Among our many performers supporting the project by incorporating mythological characters we’ll hvae three lovely ladies taking on the roles of The Three Fates:
The Greeks of the high classical age put strong faith in the idea of fate and of an unavoidable course of life. They thought every life had a reason for beginning, and that reason was also its end. (Fate is distinguished from Destiny, which has more of an undertone of control.) This divinely indifferent culmination of the course of life is what the three Fates represent. Their name in ancient Greek is Moira, which means “a portion,” so the three Moirae represent the personification of the share of existence that is meted out to all living things. The Moirae are ever-present in the Trojan story.
In classical mythology, the Moirae are generally shown as three sisters busy at their business of spinning. Clotho the Spinner spins the thread of a person’s life; her symbol is the distaff and spindle. Lachesis the Alotter decides the length of the thread of one’s life; her symbol is a measuring rod. Atropos the Inevitable cuts the thread when it is time to die; her symbol is the pair of “abhorred shears.” The Olympian gods hold no sway over them, nor do the Fates discriminate between the death of a mortal and the death of a god. They predate the Olympian gods by at least three generations and are thought to be the parthenogenic offspring of Nyx, primal force of night’s darkness. (Other stories about their birth exist, but this one is the most prevalent and also sufficiently awesome.) The Fates are sometimes said to be the half-sisters of the Horae, who are the goddesses of the Correct Moment, or “Timing.”
The Moirae are not vindictive or evil, nor are they benevolent. They are indifferent. Appearing at the family hearth three days after the birth of a child, the Moirae, specifically Clotho, begin spinning the thread of the person’s life to the length allotted by Lachesis. When the time comes, Atropos will snip the thread.
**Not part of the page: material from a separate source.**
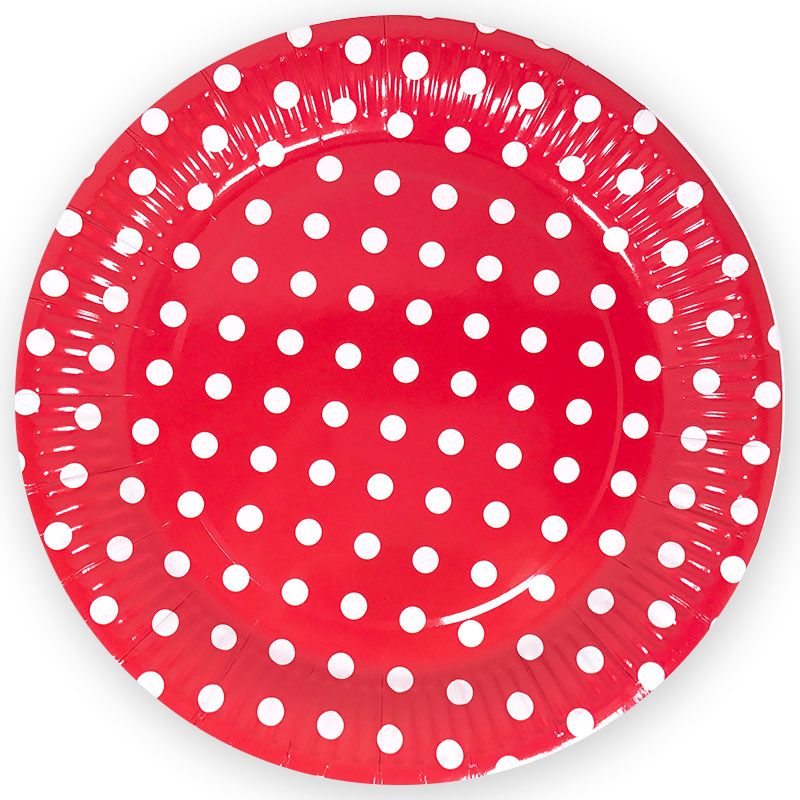 Тарелки красные, Точки, 7 дюйм, 6шт

While they are sometimes portrayed as young women, generally the Fates appear as three ancient hags, indicative of the fearful realm they personify. Occasionally, they are shown as milky-eyed and blind. Wrinkled old crones and blind, unfeeling spinsters have counterparts in other ancient traditions as well. The Norns of the Norse and the Baltic Laima are spinning sisters who control or embody fate.